Every predictive model relies on at least one of two things. The first is the assumption that patterns and relationships will in the future look basically like they did in the past. The second is first principles, the idea that we have such a trustworthy and complete understanding of how things work that we can say with a high level of confidence that this system or set of conditions will produce this result.
Pretty much the first thing they tell you in any introductory class on regression is the all of the beautiful and deeply reassuring math around confidence about your work assumes that you only draw conclusions about the population your data comes from. When you wander out of the range of observed data, you leave behind that rigorously proven framework.
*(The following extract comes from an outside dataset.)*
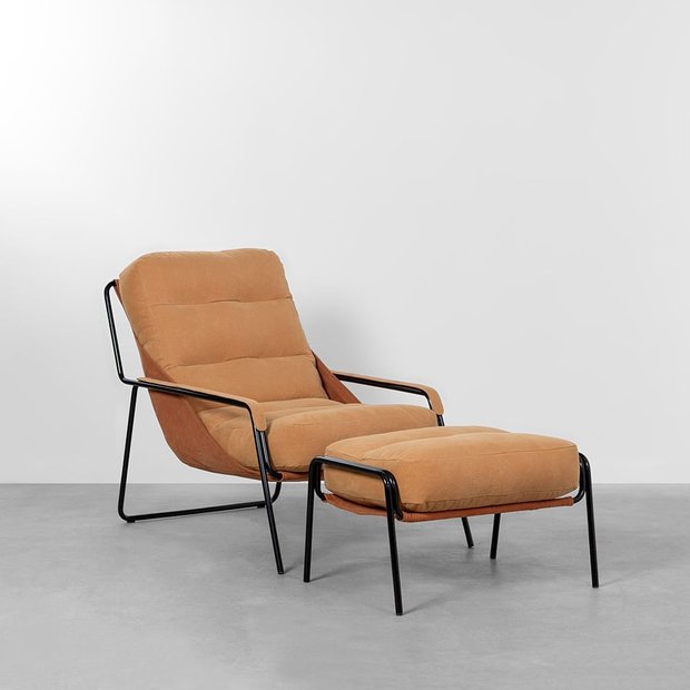 Sua estrutura em metal com pintura epóxi garante resistência e durabilidade, enquanto o assento e o encosto com enchimento em pluma siliconada proporcionam uma experiência confortável e envolvente. A base de sustentação das almofadas em lona reforça o caráter original do design, unindo funcionalidade e estilo em uma composição versátil, pensada para o uso cotidiano e momentos de pausa.

This is always a problem with predictive models because obviously the future is outside of the range of observed data. We can get around this to a degree by not straying too far, by relying on patterns and relationships that have proven stable over time, and by keeping an eye on things that might cause our models to go haywire. You're still breaking the rules, but you're not getting too far out on the ice.
Models of presidential elections have always been weakly supported both in terms of data and our understanding of the underlying mechanisms that drive them. In terms of predictive value, political data always has a sell by date. Just because a particular group reliably voted one way 50 years ago doesn't mean that you can count on them to do the same thing today likewise, polling and elections have changed so much that it makes no sense to aggregate numbers that aren't relatively recent. Take away special cases in outliers, and you can easily find yourself building models on n < 10.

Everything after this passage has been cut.